▶ Task requirements:
Your copy should contain exactly the lines from the start of the material through the line containing "World map light", and no pictures.

▶ Supplied material:

^^^^^^^^^^^^^^^^

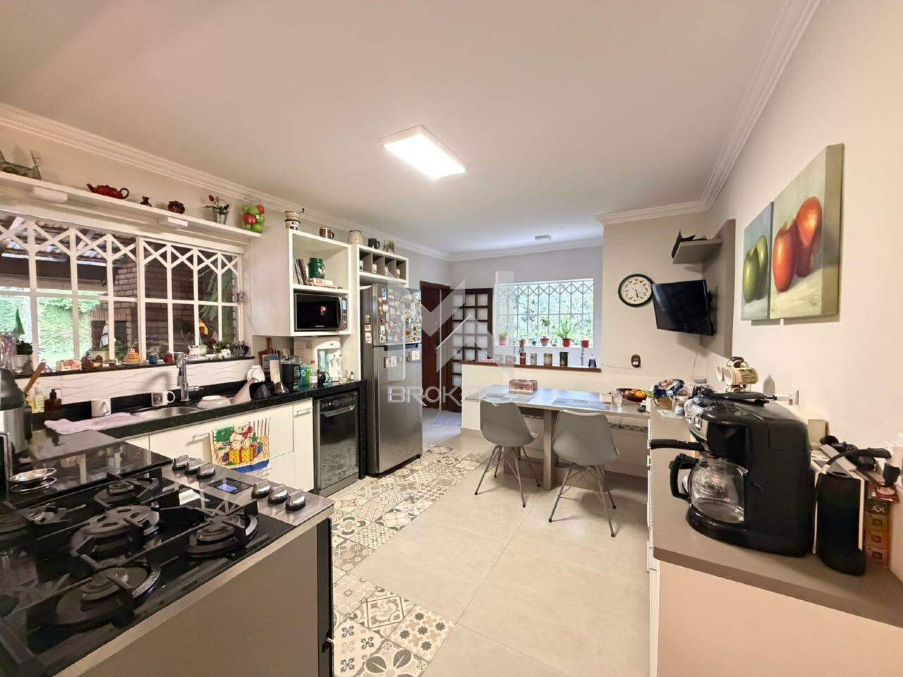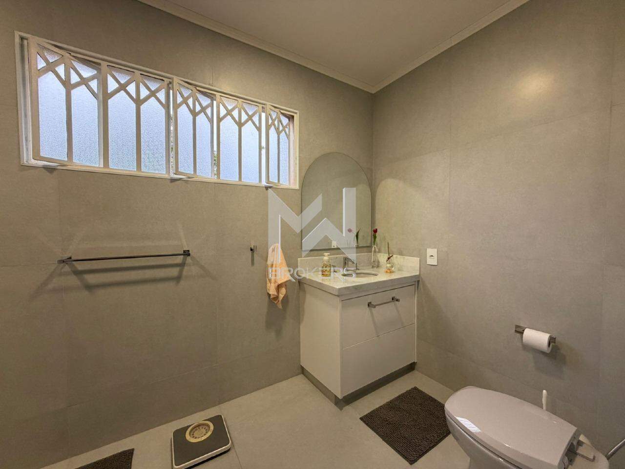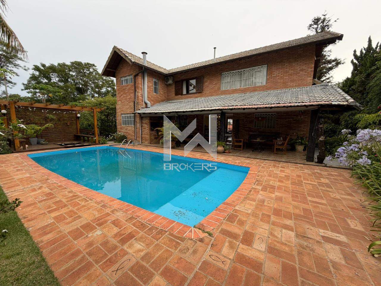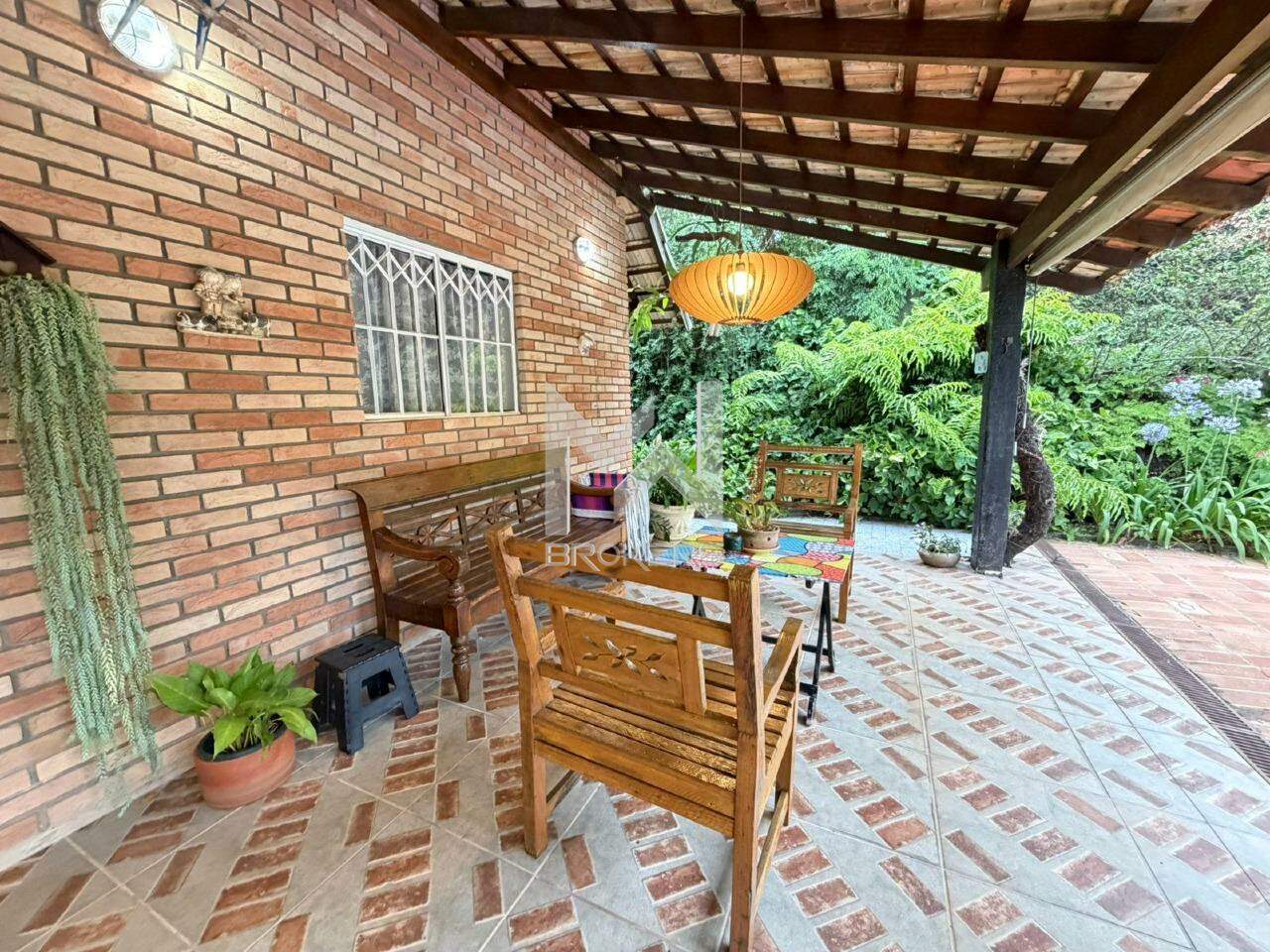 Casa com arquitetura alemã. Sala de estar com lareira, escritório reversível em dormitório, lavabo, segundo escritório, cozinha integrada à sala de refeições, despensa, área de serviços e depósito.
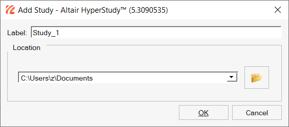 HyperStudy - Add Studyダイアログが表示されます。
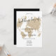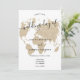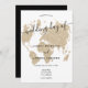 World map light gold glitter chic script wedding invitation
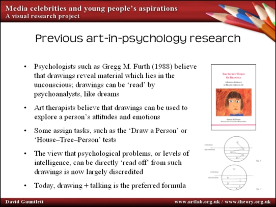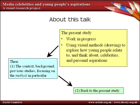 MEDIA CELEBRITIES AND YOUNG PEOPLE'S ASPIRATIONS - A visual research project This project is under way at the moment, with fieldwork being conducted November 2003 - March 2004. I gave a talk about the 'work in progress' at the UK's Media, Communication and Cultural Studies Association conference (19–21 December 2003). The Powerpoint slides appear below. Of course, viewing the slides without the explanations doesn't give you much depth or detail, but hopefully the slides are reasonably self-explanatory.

^^^^^^^^^^^^^^^^

▶ Output below:
 Casa com arquitetura alemã. Sala de estar com lareira, escritório reversível em dormitório, lavabo, segundo escritório, cozinha integrada à sala de refeições, despensa, área de serviços e depósito.
 HyperStudy - Add Studyダイアログが表示されます。
 World map light gold glitter chic script wedding invitation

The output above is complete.